The protocol includes optional modules for spatial proteomics and single-cell RNA-seq that are not fully illustrated in the pilot data here but can be integrated in future experiments. High-plex spatial proteomics can be used to map T-cell and macrophage phenotypes around islets and to identify tolerant versus inflammatory cellular neighborhoods, extending prior work on indole, Tregs, and macrophage polarization12,13,14. Similarly, coupling this workflow to single-cell RNA-seq and Seurat-based analysis20 allows investigation of transcriptional reprogramming across multiple immune and stromal compartments. In separate studies, we and others have used such approaches to link regulatory T cells, IL-10 signaling, and M2-like macrophage signatures to restored tolerance in autoimmune disease1,2,4,5,6,7,8,9,10,11; these findings, although not shown in detail here, illustrate the analytical potential of the protocol beyond the pilot readouts.

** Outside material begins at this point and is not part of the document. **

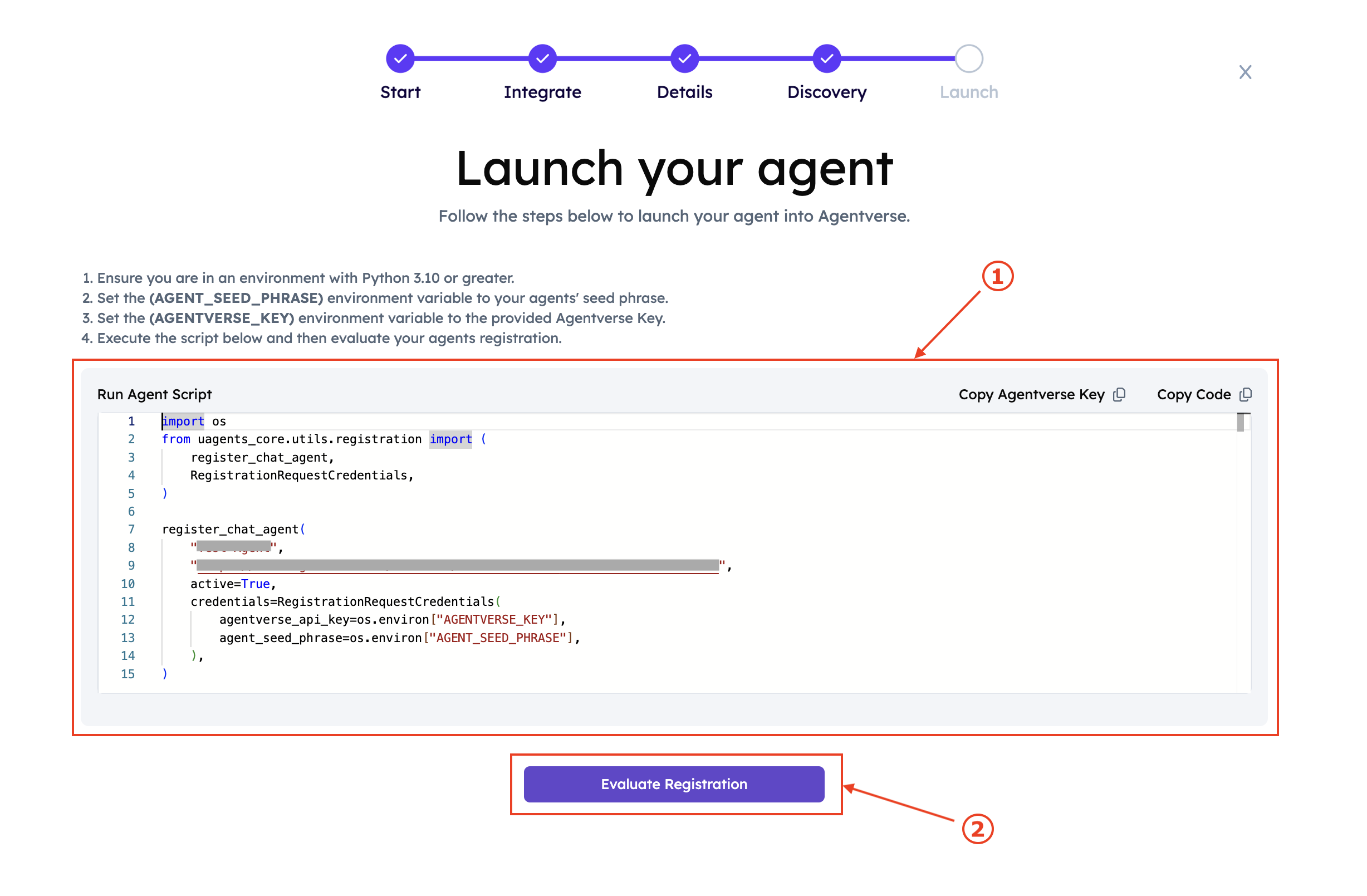 It is now time to verify the registration. Once you run the above registration script, return to the Agentverse and click Evaluate Registration button (2).

Future applications of this protocol could address the current limitations and broaden its translational scope. Including treatment arms with parental BmΔvjbR, exogenous indole, or additional engineered strains will help parse mechanistic contributions of bacterial components and metabolite production12,13,14,16. Refining image analysis pipelines to quantify insulin-positive β-cell area and integrating β-cell identity and stress markers would deepen insights into β-cell preservation versus regeneration6,9,10,19. Extending spatial and single-cell workflows to draining lymph nodes and systemic lymphoid organs may reveal how local islet reprogramming integrates with systemic immune changes in T1D 2,7,17. Finally, adapting this pipeline to humanized mouse models and other organ-specific autoimmune diseases could test the broader generalizability of metabolically engineered Brucella strains and related microbial platforms as single-dose immunotherapies11,16,17,18.
Overall, this article provides a reproducible framework for delivering an engineered live bacterial therapeutic in NOD mice and for measuring key pilot endpoints—blood glucose trajectories and islet structure—while also outlining optional extensions to high-dimensional spatial and single-cell analyses19,20.